Otegui, esa baba de ETA que arrastra su húmeda viscosidad por el rostro indecente del Parlamento y el Gobierno españoles, y que es un insulto lacerante para el decoro y la dignidad de las víctimas del terror vascoseparatista, ha vuelto a ser reclamado por el Tribunal Supremo para ultimar una cuenta pendiente con la Justicia que quedó en el limbo de una anulación por un quítame allá unas pajas de procedimiento; esas mojigaterías legales a las que se agarran como bombas lapa los etarras y sus pajes con toga y latines para procurar la inhabilitación del tribunal: que si el Juez me ha mirado mal, que si Su Señoría me ha faltado al respeto, que si el Magistrado ha deslizado un adjetivo inconveniente en el relato de mís crímenes, que si el Fiscal es primo tercero del cuñado de la novia de un guardia civil de Cáceres que dicen que asesiné no me acuerdo cuando...

O el Magistrado que presida el próximo juicio contra Otegui es un zombi robotizado, ciego, mudo y sin olfato, porque la  mera presencia del capo de los bilduetarras produce náuseas y su olor arcadas incontenibles, irreprimibles e indisimulables, o los abogados de esta mula de ETA, que esconde en su ano el placer bárbaro del crimen, del secuestro y la extorsión, volverán a procurarle la anulación del juicio porque resulta humanamente imposible no mirar con asco a la serpiente que se enrosca en el hacha de ETA y que hoy repta en el Parlamento y en la Moncloa dando órdenes y cobrándose favores de investidura, como hacen los sicarios de la Mafia con los deudos de una gracia de la Cosa Nostra.

En su furia aldeana por haber sido vuelto a llamar por los inquisidores del Tribunal Supremo, la mula de ETA multuplica sus coces contra España y contra los españoles.

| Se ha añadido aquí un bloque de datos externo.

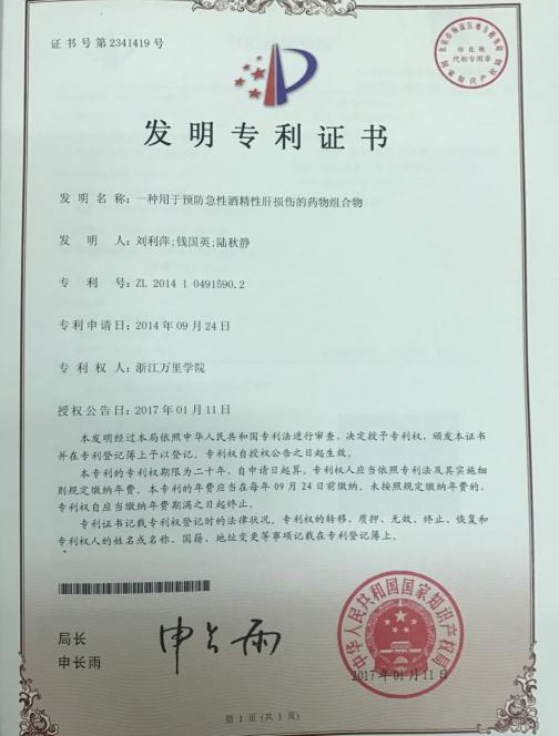 [8] 刘利萍,钱国英,卢秋静.一种用于预防急性酒精性肝损伤的药物组合物[P].中国:CN104288164A(授权)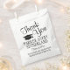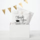 Adicione um toque elegante personalizado à graduação da faculdade ou do segundo grau, agradeço as cartas e favoritos para festas com o "obrigado você" preto e branco a favor das bolsas. Todo texto é simples de personalizar. Design apresenta um fundo branco, um boné de conselho de argamassa preta e uma tipografia do estilo de caligrafia moderna. Parabéns ao formando!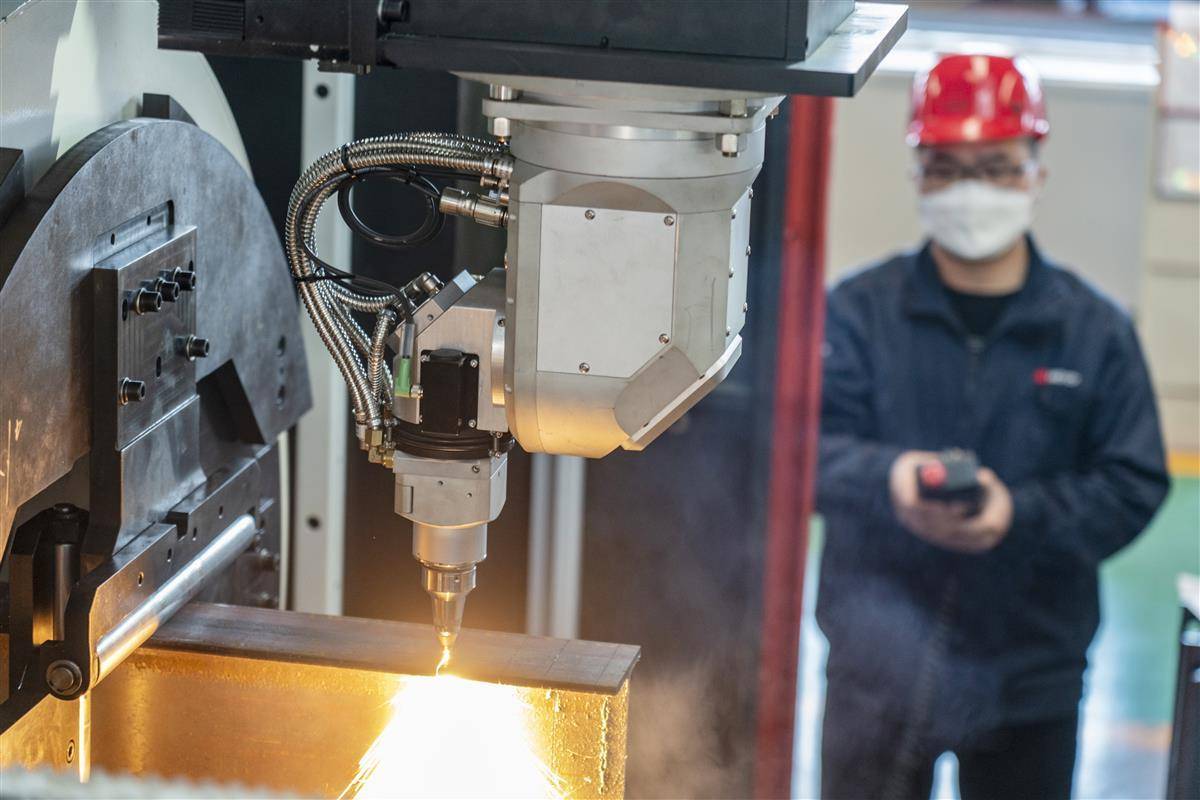 4月28日,華工科技鄂州智能制造產業園,其自主研制的國內首套超重管激光三維加工中心已調試完畢,即將發往一家世界500強企業,運用于大型油管的加工。

Comoquiera que Otegui es aún más acémila que Sabino Arana (el Abraham del separatismo vasco) es incapaz de entender que aún está vivo gracias a que él también es español, pues si Otegui hubiese sido francés, inglés, alemán o norteamericano, hace muchos años que estaría muerto, antes de que ningún tribunal hubiera tenido tiempo de reclamarlo, pues las policías allende los Pirineos tienen otro concepto de la custodia de las libertades y de la democracia: cuando se enfrentan a reptiles como Otegui llevan siempre el dedo índice dentro del guardamonte del fusil y de la pistola acariciando el gatillo, y dialogan con los terroristas con un eufónico monosílabo: ¡Bang!